5.2.2. Key Agreement Delay

This system uses a random number-based key agreement strategy. There are two asymmetric encryption operations and three key generation operations during the first key agreement process, but only two symmetric encryptions are required during the second process. The scheme proposed by Wang encrypts the message through an authentication certificate, and there is no key agreement process (see Figure 3).

5.3. Storage Cost

The storage cost mainly calculates the cost of OBU. The storage cost of each schema is shown in Table 1.

6. Conclusions

The Internet of Vehicles is an important application in the field of intelligent transportation and has received widespread attention in the academic community. The issue of privacy protection is the top priority of the Internet of Vehicles system. This paper proposes a privacy protection system for the Internet of Vehicles based on blockchain. It introduces secure user registration, efficient key management schema, two-way authentication based on blockchain, a key agreement algorithm based on random numbers, and anonymous communication technology between vehicle and service provider to ensure the confidentiality of security information.
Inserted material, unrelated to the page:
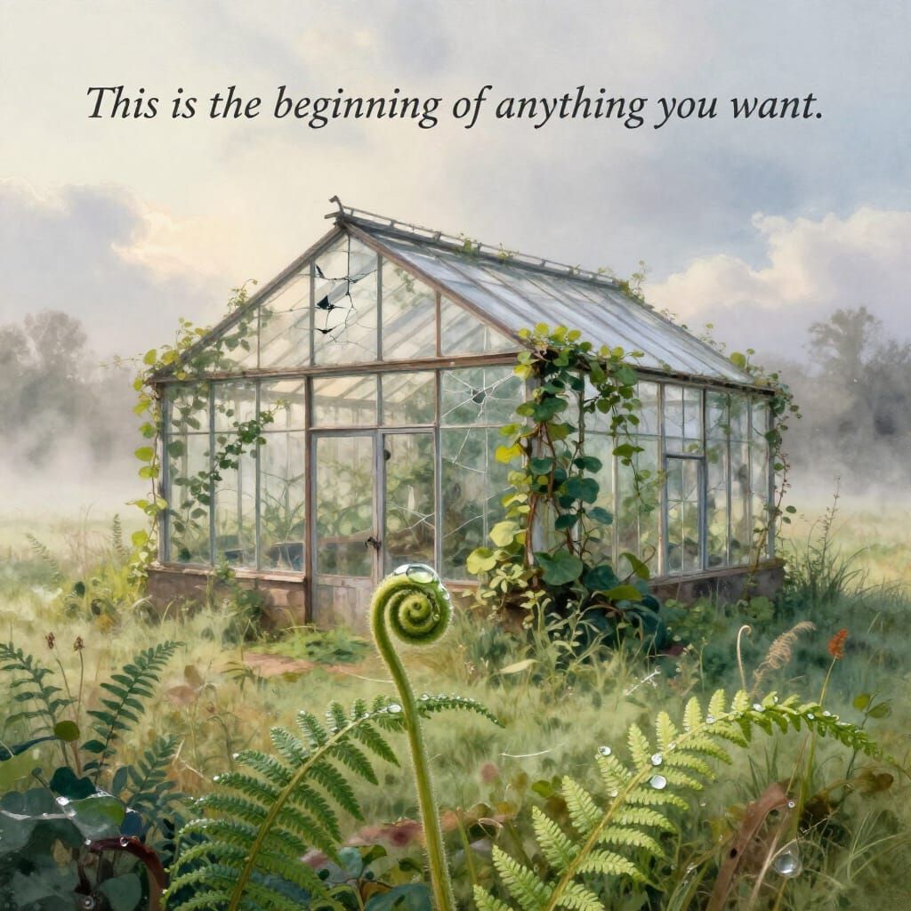 This image shows an abandoned greenhouse overgrown with vines in misty morning light. A dewdrop on a fern symbolizes new beginnings, rendered in a gentle watercolor style with soft brushstrokes.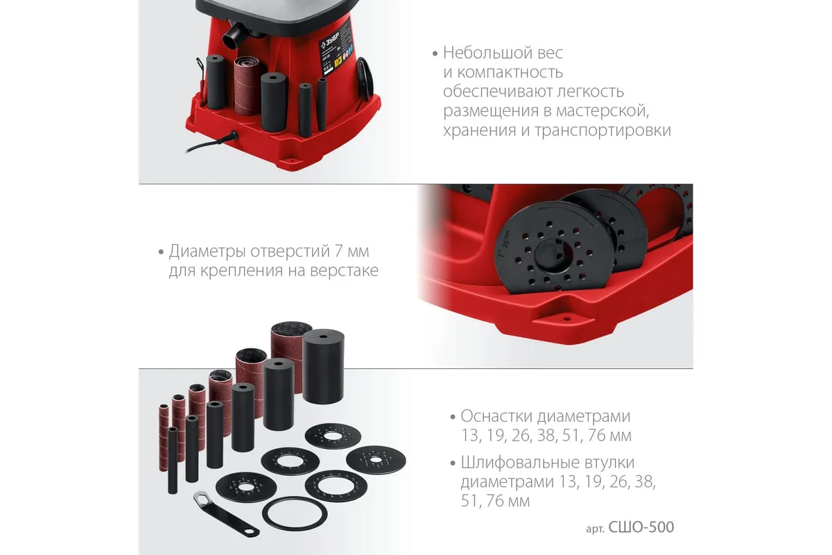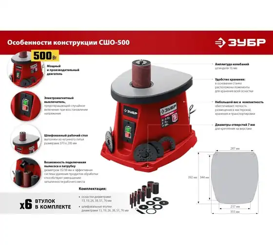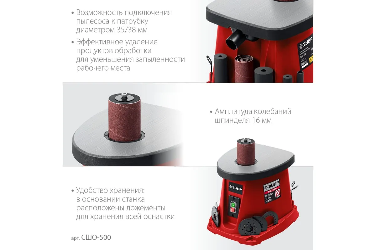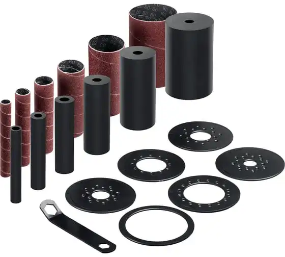 Набор барабанов и абразивных шлифовальных втулок входящих в комплект, позволяет подобрать оптимальную оснастку для обработки. Мощный коллекторный двигатель обеспечивает высокую частоту вращения шпинделя. Станок оптимален для работы с кромками, торцами и краями заготовок с вогнутым профилем. Высокая эффективность при использовании оснастки с такой рабочей поверхностью достигается за счет осцилляции – вертикального перемещения вала. Это увеличивает линейную скорость абразива и предотвращает возникновение продольных царапин из-за дефектов оснастки.

The system uses the decentralization feature of the blockchain to prevent the central failure problem. After comparing with the existing scheme, the system proposed in this paper has better performance in communication efficiency and communication security. However, the consensus algorithm based on proof of work currently used by the system will consume computing resources, and the system’s key exchange strategy will bring certain storage pressure.

In the future, we plan to design a more efficient consensus algorithm to replace the proof of work algorithm and design a more reasonable communication data structure to reduce system costs and improve system efficiency and user experience. We will continue to study how to reduce the delay required to query public keys to better support real-time communication.

Data Availability

The data used to support the findings of this study are included in this article.

Conflicts of Interest

The authors declare that there is no conflict of interest regarding the publication of this paper.


This work is supported by the National Key R&D Program of China (2018YFB1402704).